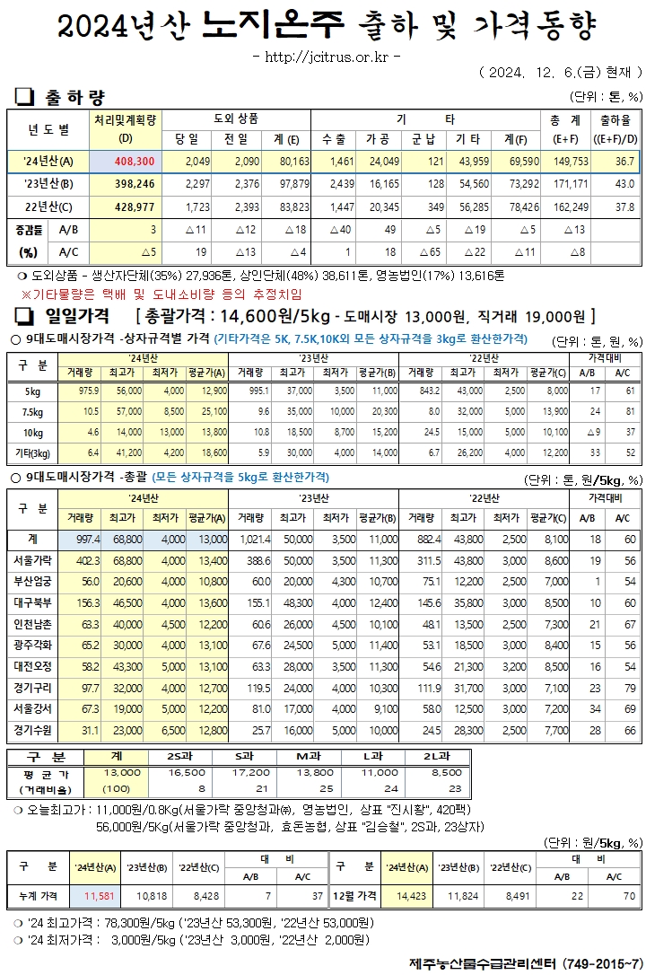 [노지온주]2024년산 출하 및 가격동향(12/6)
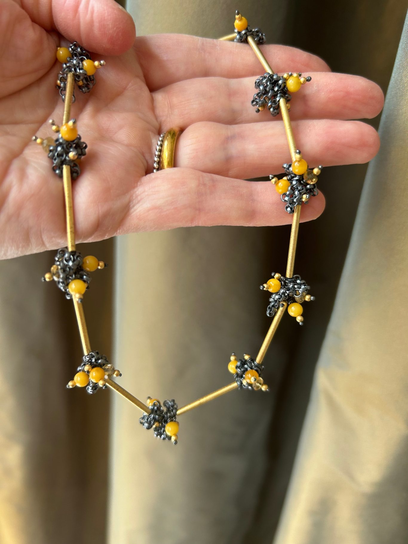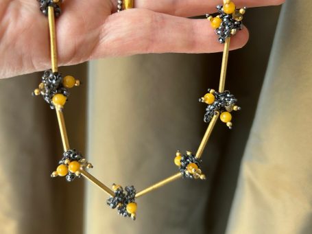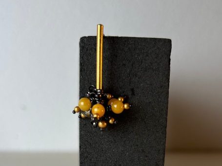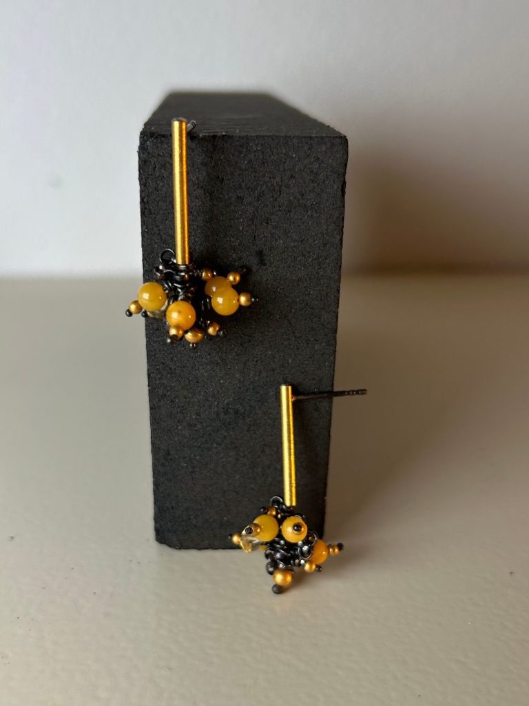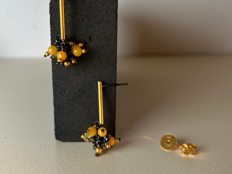 Zauberhafte Ohrstecker aus geschwärztem Silber, Feingold, Bernstein und Citrin, eine ganz wundervolle Kombination.
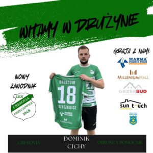Cresovia Krzeczowice, występująca w A klasie (grupa Przeworsk), pozyskała nowego zawodnika. Do zespołu dołącza dobrze znany w regionie Dominik Cichy, który ostatnio reprezentował barwy Błyskawicy Rożniatów.
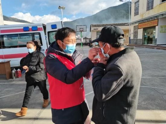 志愿者对问诊咨询的群众讲解正确佩戴口罩的方法及疫情防控知识。供图
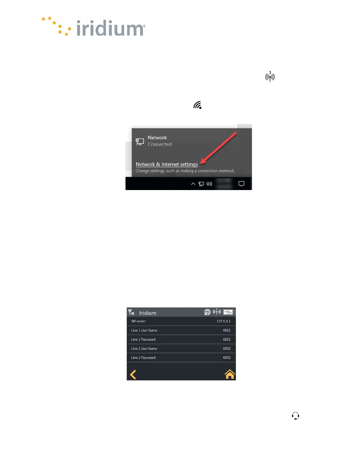 • You will need to configure the SIP phone to connect to the SIP server in the Iridium GO! exec.
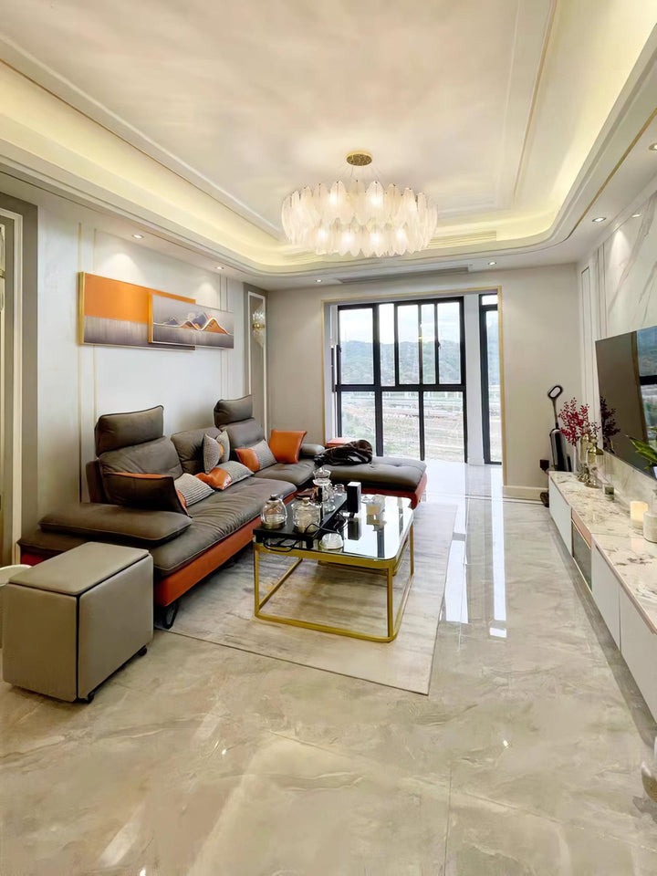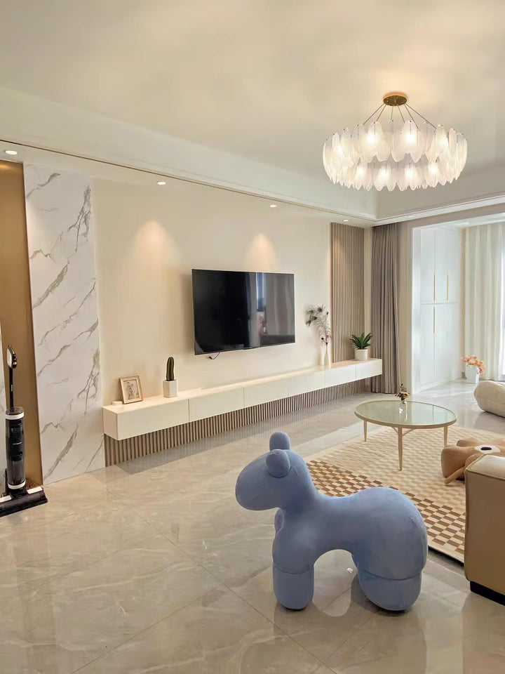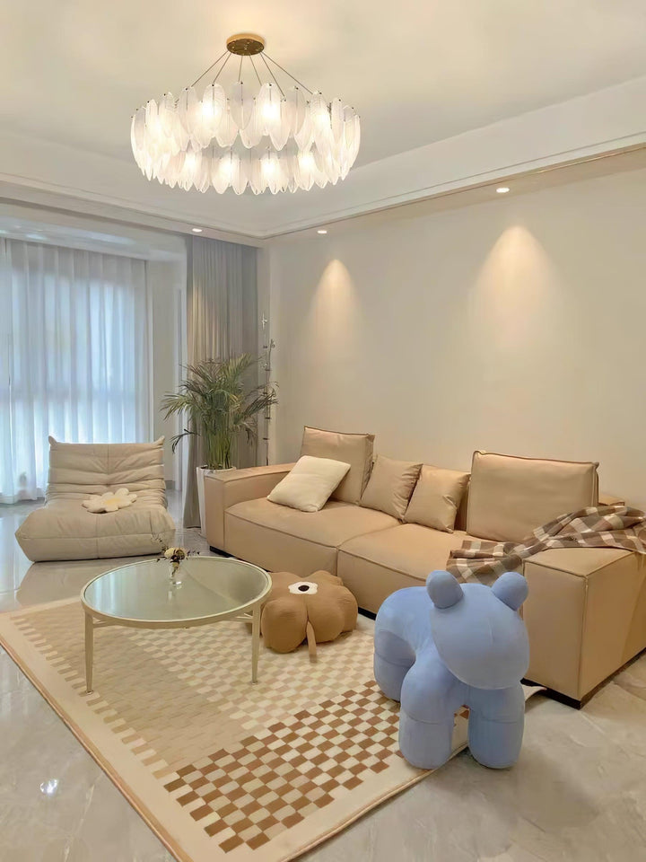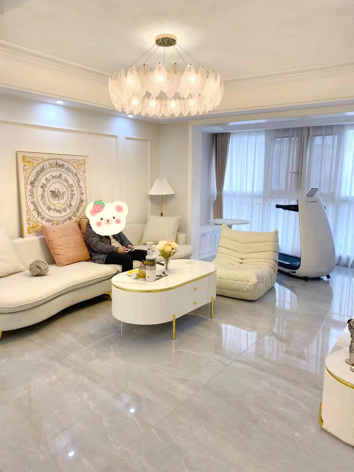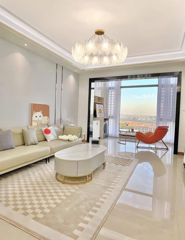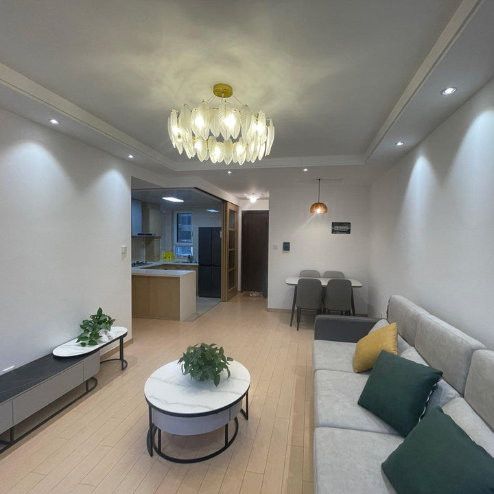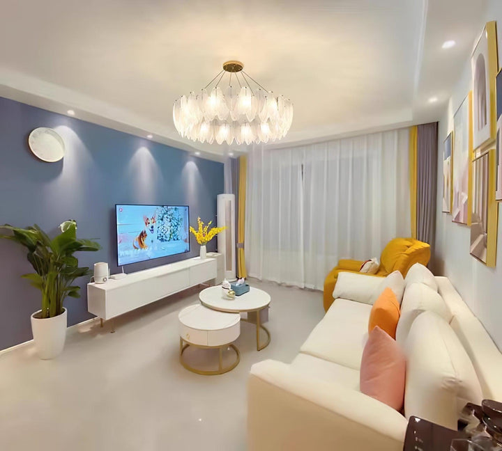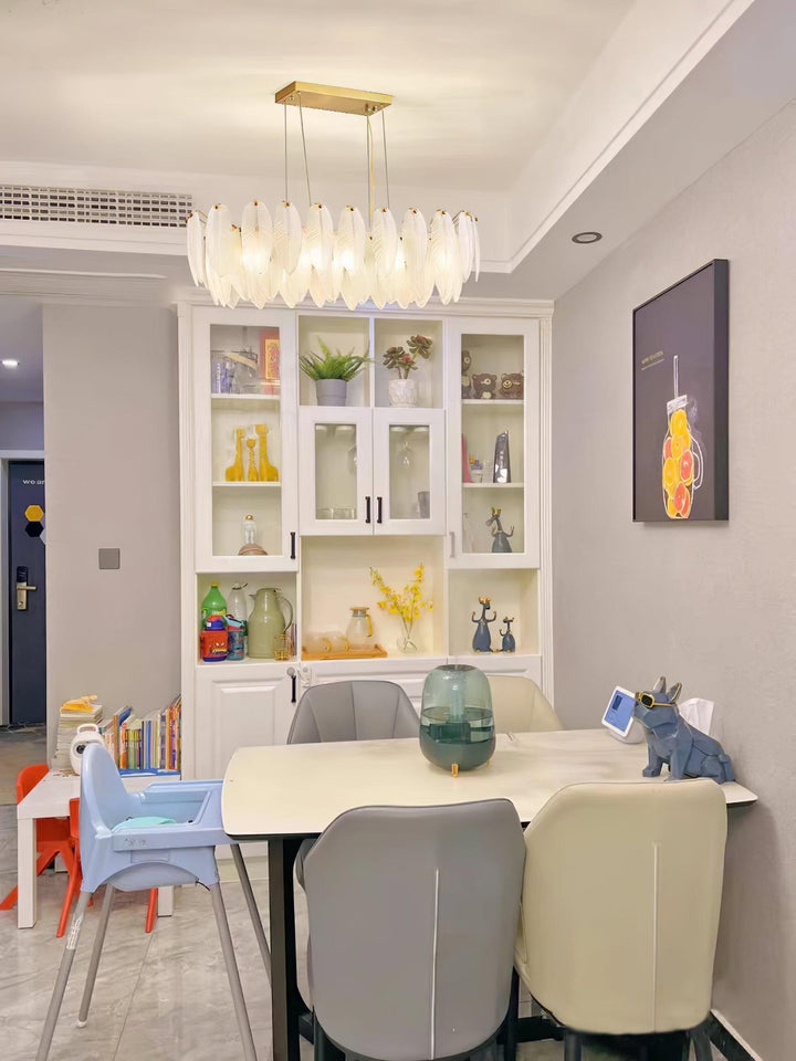 This charming round multi-tier frosted glass feather pendant light managed to combine practicality with elegance. And the design of this product makes itself overall more postmodern. When lit, lighting diffuses from the round cascading frosted glass feather shade to cast a romantic ambiance. Adjustable cable made this item perfectly fit your house. This pendant light resembles a floating feather cloud, impart great conciseness and elegance to your house.
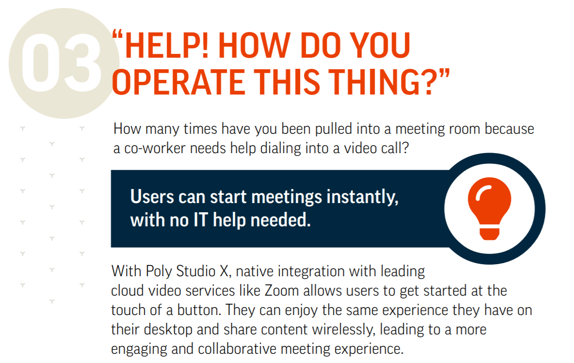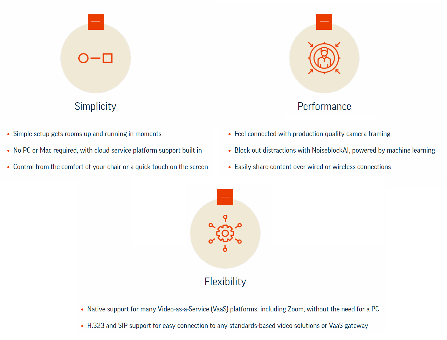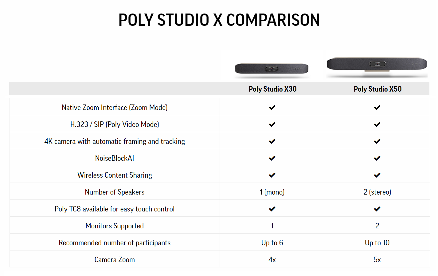 Poly Studio X video bars deliver radical simplicity in a single sleek device. Leave your PC or Mac at your desk. Then huddle in smaller rooms and connect easily in conference rooms—with nearly any video collaboration software, including Zoom.
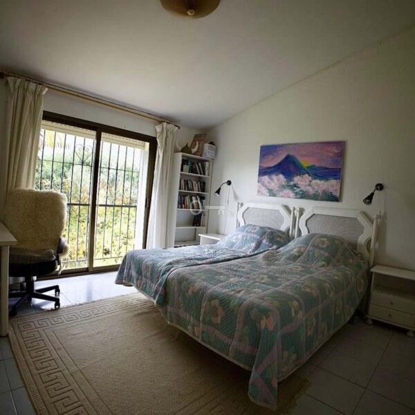 Z salonu można wyjść na słoneczny balkon z widokiem na bujną zieleń i urocze widoki na morze. Dwie spokojne sypialnie wyposażone są we wbudowane szafy, a dwie łazienki z wanną zapewniają komfort i bardzo praktyczny układ.
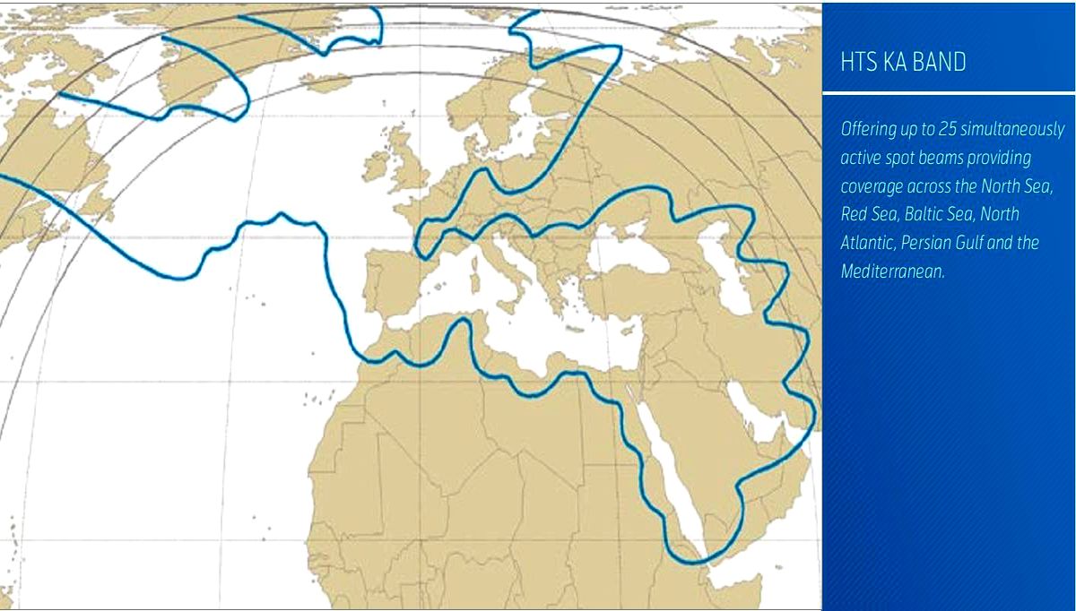 a, 30x forward and return link spot beams covering themaritime areas surrounding Europe including the North Sea, Norwegian Sea,
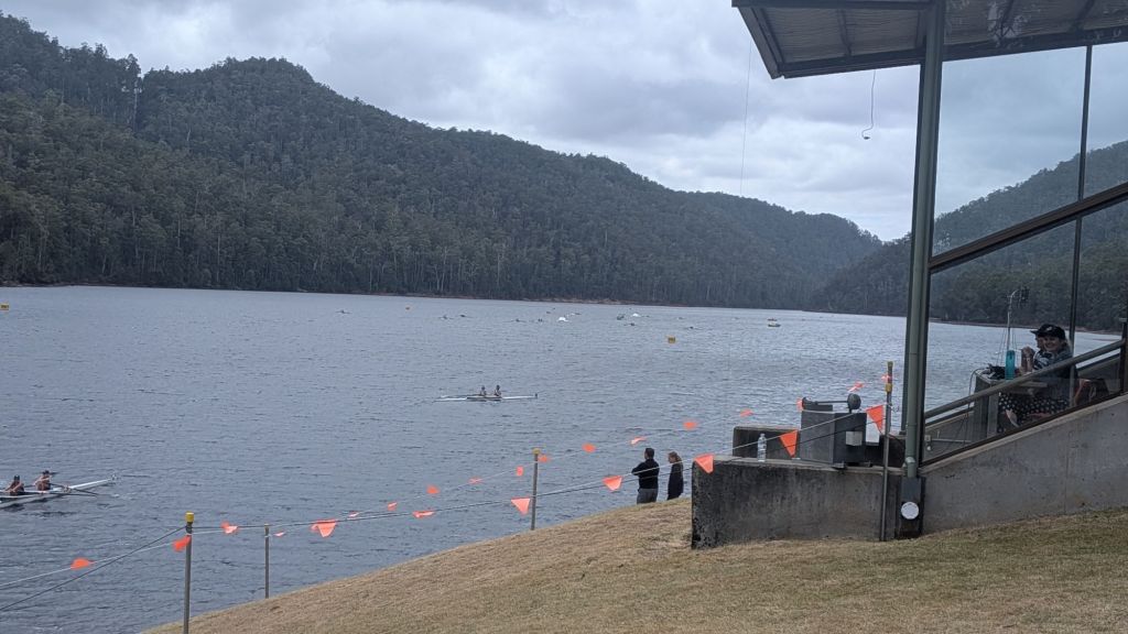 Sunday dawned a little gloomy so we packed up quickly so we didn’t have a wet tent. We went to Sheffield, home of the murals, for Mass and our last scallop pie of the trip then drove to the National Rowing Centre at Lake Barrington. There was a state school rowing carnival on so it was great to see it in action.
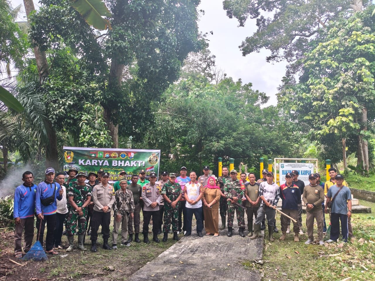 Kegiatan diawali dengan sambutan Pasiter Kodim 0322/Siak, dilanjutkan dengan pelaksanaan karya bakti pembersihan area pemakaman, serta diakhiri dengan foto bersama sebagai simbol soliditas dan kebersamaan lintas sektor antara TNI, Polri, pemerintah daerah, dan masyarakat.
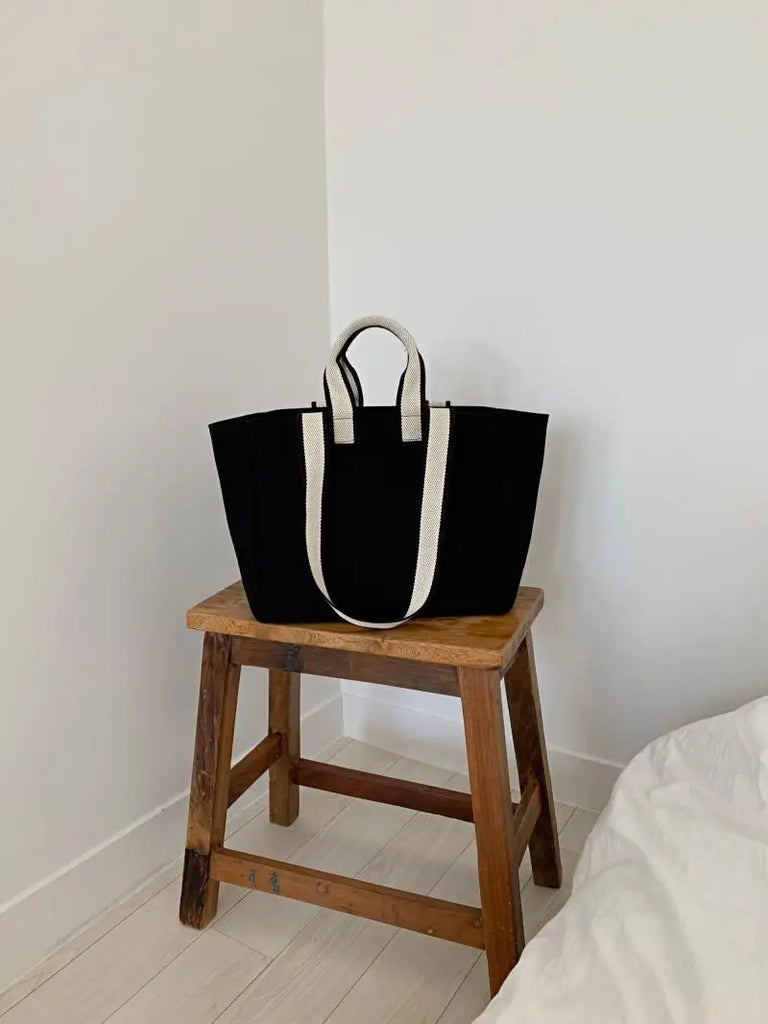This high-capacity tote bag is crafted from soft canvas material, featuring a solid color design with a hasp closure. Perfect for preppy style girls, it is a versatile and all-match accessory.
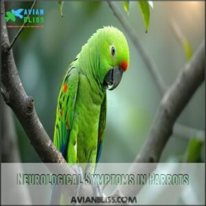 You’ll see neurological symptoms in parrots with calcium deficiency, such as seizures, ataxia, and tremors, due to nerve damage.
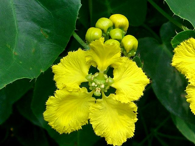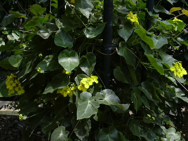 蔓金虎の尾(ツルキントラノオ) 未選択 2013年08月10日 蔓金虎の尾(ツルキントラノオ)はキントラノオ科スティグマフィロン属の蔓性常緑低木である。原産地は南アメリカである。他の樹木などに絡みついて伸び、蔓の長さは5メートルくらいになる。葉は幅の広い卵形で先が尖り、互い違いに生える(互生)。葉の表面は艶があり、葉の縁には棘のようなぎざぎざ(鋸歯)がある。開花時期は6~10月くらいである。葉の脇から散形花序(枝先に1個つずつ花がつく)を出し、小さな黄色い5弁花をつける。花弁の縁が襞状になる。花弁がラン科のオンシジウムに似ていることからオーキッドバイン(orchid vine)の英名がある。また、産地と形状からブラジリアンゴールデンバイン(Brazilian golden vine)とも呼ばれる。属名の Stigmaphyllon はギリシャ語の「stigma(柱頭)+ phyllon(葉)」からきている。葉のような柱頭を持つことから名づけられた。種小名の ciliatum は「縁毛のある」という意味である。写真は6月に神奈川県立フラワーセンター大船植物園で撮った。学名:Stigmaphyllon ciliatum★葉の脇に煌くような花つけて 元気に伸びる蔓金虎の尾花図鑑植物図鑑|味の麺匠戸田久|おこめの鬼平|フロム蔵王|花の本屋さん|楽天トラベル|

______________________________

What you have to do: Please reproduce the data above word for word, skipping all images.

Response box:
 [노지온주]2024년산 출하 및 가격동향(12/6)
 Zauberhafte Ohrstecker aus geschwärztem Silber, Feingold, Bernstein und Citrin, eine ganz wundervolle Kombination.
Cresovia Krzeczowice, występująca w A klasie (grupa Przeworsk), pozyskała nowego zawodnika. Do zespołu dołącza dobrze znany w regionie Dominik Cichy, który ostatnio reprezentował barwy Błyskawicy Rożniatów.
 志愿者对问诊咨询的群众讲解正确佩戴口罩的方法及疫情防控知识。供图
 • You will need to configure the SIP phone to connect to the SIP server in the Iridium GO! exec.
 This charming round multi-tier frosted glass feather pendant light managed to combine practicality with elegance. And the design of this product makes itself overall more postmodern. When lit, lighting diffuses from the round cascading frosted glass feather shade to cast a romantic ambiance. Adjustable cable made this item perfectly fit your house. This pendant light resembles a floating feather cloud, impart great conciseness and elegance to your house.
 Poly Studio X video bars deliver radical simplicity in a single sleek device. Leave your PC or Mac at your desk. Then huddle in smaller rooms and connect easily in conference rooms—with nearly any video collaboration software, including Zoom.
 Z salonu można wyjść na słoneczny balkon z widokiem na bujną zieleń i urocze widoki na morze. Dwie spokojne sypialnie wyposażone są we wbudowane szafy, a dwie łazienki z wanną zapewniają komfort i bardzo praktyczny układ.
 a, 30x forward and return link spot beams covering themaritime areas surrounding Europe including the North Sea, Norwegian Sea,
 Sunday dawned a little gloomy so we packed up quickly so we didn’t have a wet tent. We went to Sheffield, home of the murals, for Mass and our last scallop pie of the trip then drove to the National Rowing Centre at Lake Barrington. There was a state school rowing carnival on so it was great to see it in action.
 Kegiatan diawali dengan sambutan Pasiter Kodim 0322/Siak, dilanjutkan dengan pelaksanaan karya bakti pembersihan area pemakaman, serta diakhiri dengan foto bersama sebagai simbol soliditas dan kebersamaan lintas sektor antara TNI, Polri, pemerintah daerah, dan masyarakat.
This high-capacity tote bag is crafted from soft canvas material, featuring a solid color design with a hasp closure. Perfect for preppy style girls, it is a versatile and all-match accessory.
 You’ll see neurological symptoms in parrots with calcium deficiency, such as seizures, ataxia, and tremors, due to nerve damage.
 蔓金虎の尾(ツルキントラノオ) 未選択 2013年08月10日 蔓金虎の尾(ツルキントラノオ)はキントラノオ科スティグマフィロン属の蔓性常緑低木である。原産地は南アメリカである。他の樹木などに絡みついて伸び、蔓の長さは5メートルくらいになる。葉は幅の広い卵形で先が尖り、互い違いに生える(互生)。葉の表面は艶があり、葉の縁には棘のようなぎざぎざ(鋸歯)がある。開花時期は6~10月くらいである。葉の脇から散形花序(枝先に1個つずつ花がつく)を出し、小さな黄色い5弁花をつける。花弁の縁が襞状になる。花弁がラン科のオンシジウムに似ていることからオーキッドバイン(orchid vine)の英名がある。また、産地と形状からブラジリアンゴールデンバイン(Brazilian golden vine)とも呼ばれる。属名の Stigmaphyllon はギリシャ語の「stigma(柱頭)+ phyllon(葉)」からきている。葉のような柱頭を持つことから名づけられた。種小名の ciliatum は「縁毛のある」という意味である。写真は6月に神奈川県立フラワーセンター大船植物園で撮った。学名:Stigmaphyllon ciliatum★葉の脇に煌くような花つけて 元気に伸びる蔓金虎の尾花図鑑植物図鑑|味の麺匠戸田久|おこめの鬼平|フロム蔵王|花の本屋さん|楽天トラベル|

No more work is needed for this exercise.